Exact duplicates of the lines from the top of the data through the line containing "Nach dem kurzen" are needed, with every picture left out.

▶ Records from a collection
--------

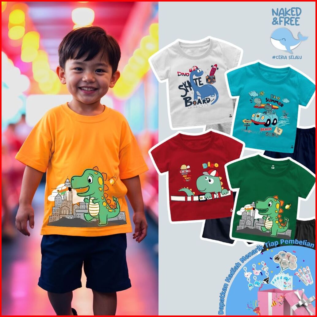 Naked Free Setelan Kaos Pendek Bayi Anak Laki-laki Dinosaurus Series Summer Dino Bahan Katun Din-1
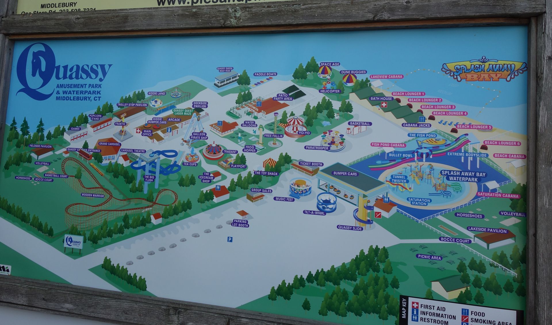 Nach dem kurzen aber gelungenen Tourauftakt im Playland verließen wir nun den Bundesstaat New York. Denn unsere nächsten Ziele lagen im benachbarten Connecticut. Gut eine Stunde und 15 Minuten dauerte die Fahrt, bis wir den kleinen Quassy Amusement Park im Örtchen Middlebury (nicht zu verwechseln mit dem niederländischen Middelburg) erreichten. Hier waren immerhin knapp drei Stunden eingeplant, bevor wir endlich zu unserem ersten Hotel aufbrechen sollten.
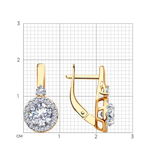 Серьги, украшенные крупным фианитом, в окружении фианитов меньшего размера, выполнены из красного золота 585 пробы
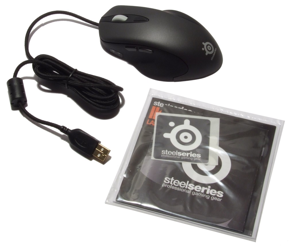 Der Lieferumfang der SteelSeries Ikari Laser reduziert sich auf das Wesentliche. So finden wir im Karton neben der Maus lediglich eine Treiber-CD, eine Kurzdokumentation sowie einen Aufkleber. Im Regelfall ist ein derartiger Lieferumfang allerdings auch ausreichend, denn viel mehr wird ohnehin nicht benötigt.
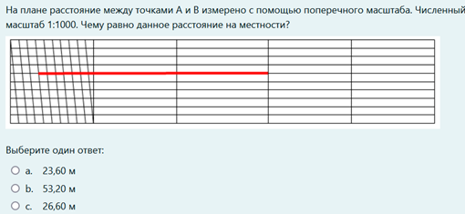 Измеренное на местности горизонтальное расстояние между точками А и В равно 46,60 м. Какой из показанных на нормальном поперечном масштабе отрезков соответствует этому расстоянию? Численный масштаб 1:1000.
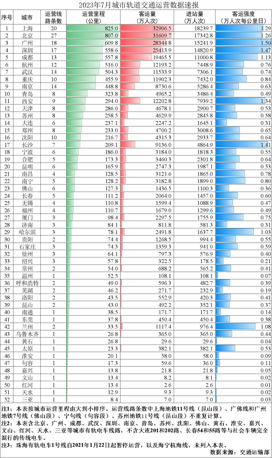 2023年7月,31个省(自治区、直辖市)和新疆生产建设兵团共有54个城市开通运营城市轨道交通线路296条,运营里程9743.5公里,实际开行列车324万列次,完成客运量26.6亿人次,进站量16亿人次。7月份,客运量环比增加2.2亿人次、增长9.2%,同比增加7.1亿人次、增长36.4%,较2019年月均客运量增加6.7亿人次、增长33.8%。7月份客运强度平均水平为0.546万人次每公里日,与2019年全年客运强度平均水平持平。

--------

▶ RESPONSE BOX
 Naked Free Setelan Kaos Pendek Bayi Anak Laki-laki Dinosaurus Series Summer Dino Bahan Katun Din-1
 Nach dem kurzen aber gelungenen Tourauftakt im Playland verließen wir nun den Bundesstaat New York. Denn unsere nächsten Ziele lagen im benachbarten Connecticut. Gut eine Stunde und 15 Minuten dauerte die Fahrt, bis wir den kleinen Quassy Amusement Park im Örtchen Middlebury (nicht zu verwechseln mit dem niederländischen Middelburg) erreichten. Hier waren immerhin knapp drei Stunden eingeplant, bevor wir endlich zu unserem ersten Hotel aufbrechen sollten.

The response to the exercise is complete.